To start an interactive container:

```bash
docker run -it ghcr.io/luksgrin/pyevomotion:latest
```

This will open a prompt that displays a welcome message and allows you to start using `PyEvoMotion` right away.

### Included data

The image includes (heavy) input files (FASTA and metadata) in:

```bash
/home/pyevomotion/pyevomotion-*/tests/data/test3
```

which are used by the test suite (and are automatically downloaded and extracted if not present, thereby using the containerized version is more convenient).

Also, the source script for figure generation (along with the pre-generated results of running `PyEvoMotion`) is already available under:

```bash
/home/pyevomotion/pyevomotion-*/share
```

Do note that if all the contents within

```bash
/home/pyevomotion/pyevomotion-*/share
```

are deleted except for the `manuscript_figure.py` script, it is still possible to generate the figure (although it will take much longer since the dataset's stats must be computed by `PyEvoMotion`).

### Running tests

Once inside the container, run:

```bash
cd pyevomotion-*
pytest
```

This will execute the test suite included with the source.

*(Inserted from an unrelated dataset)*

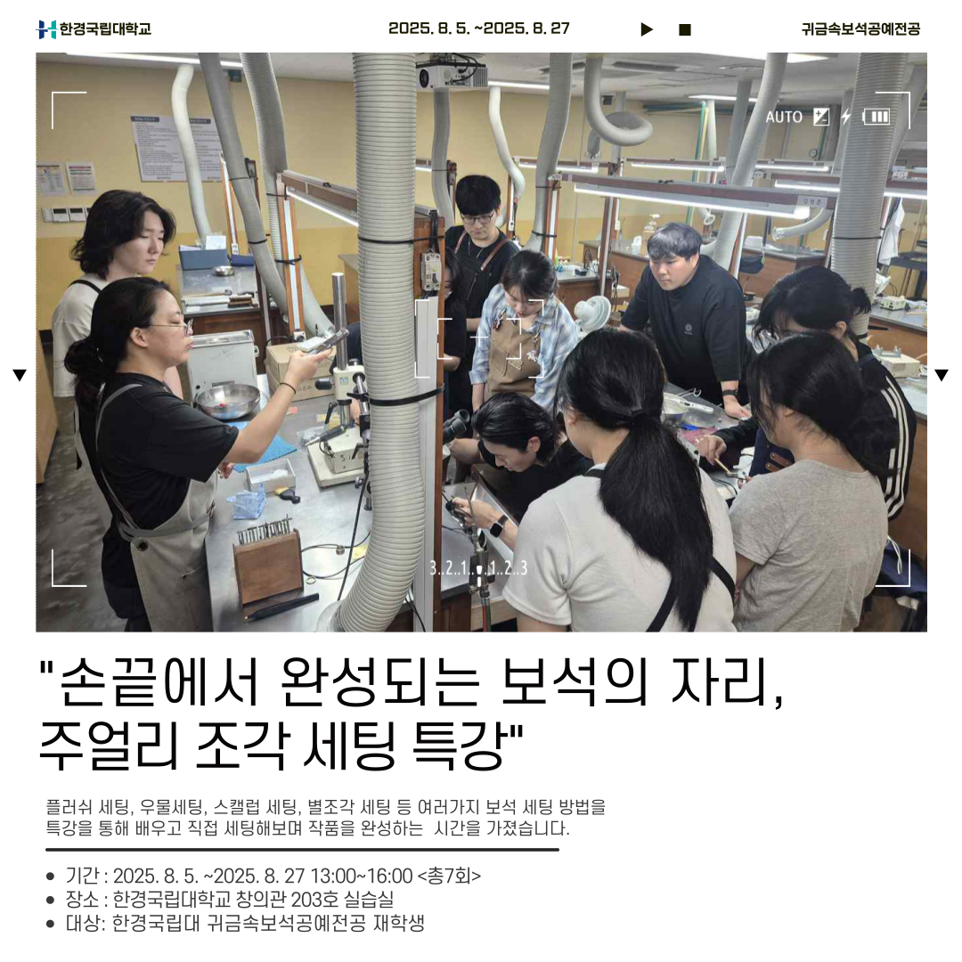 fnctId=bbs,fnctNo=837 RSS 2.0 총 22 개의 게시물이 있습니다. 게시물 검색 제목 작성자 게시글 리스트 2025학년도 귀금속보석공예전공 견학_익산보석박물관 새글 작성일 2025.12.05 작성자 디자인예술스포츠학부 썸네일 자세히 보기 2025학년도 귀금속보석공예전공 견학_티파니앤코 새글 작성일 2025.12.05 작성자 디자인예술스포츠학부 썸네일 자세히 보기 2025학년도 귀금속보석공예전공_졸업전시회 새글 작성일 2025.12.05 작성자 디자인예술스포츠학부 썸네일 자세히 보기 2025학년도 귀금속보석공예전공 특강_영감에서 디자인까지 특강 새글 작성일 2025.12.02 작성자 디자인예술스포츠학부 썸네일 자세히 보기 2025학년도 귀금속보석공예전공 특강_라이노&지브러쉬 모델링 특강 새글 작성일 2025.12.02 작성자 디자인예술스포츠학부 썸네일 자세히 보기 2025학년도 귀금속보석공예전공 특강_[인센티브]지브러쉬를 활용한 유기적 모델링 실습특강 새글 작성일 2025.12.02 작성자 디자인예술스포츠학부 썸네일 자세히 보기 2025학년도 귀금속보석공예전공 특강_[육성사업]특화 교육과정 개발·적용 특강 새글 작성일 2025.12.01 작성자 디자인예술스포츠학부 썸네일 자세히 보기 2025학년도 귀금속보석공예전공 견학_주얼리페어 새글 작성일 2025.12.01 작성자 디자인예술스포츠학부 썸네일 자세히 보기 2025학년도 귀금속보석공예전공 견학_국가무형유산전수관 새글 작성일 2025.12.01 작성자 디자인예술스포츠학부 썸네일 자세히 보기 2025학년도 귀금속보석공예전공 특강_[육성사업]주얼리 조각 세팅 특강 작성일 2025.11.28 작성자 디자인예술스포츠학부 썸네일 자세히 보기 2025학년도 귀금속보석공예전공 견학_와이스미스 작성일 2025.11.28 작성자 디자인예술스포츠학부 썸네일 자세히 보기 2025학년도 귀금속보석공예전공 특강_[육성사업]주얼리크라우드 펀딩 특강 작성일 2025.11.28 작성자 디자인예술스포츠학부 썸네일 자세히 보기 처음 12 1 2 다음 페이지 끝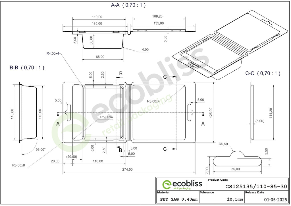 Whether you're packaging electronics, cosmetics, tools or other products, these clamshell blisters offer a combination of visibility, durability and easy handling and is made from sturdy, fully recyclable PET.

### Reproducing the Figure from the original manuscript

To reproduce the figure from the original manuscript, run:

```bash
cd pyevomotion-*
python share/manuscript_figure.py export
```

The figure will be saved in the `share` directory. Font warnings may appear — they are safe to ignore and do not affect the scientific content of the figure, only the styling.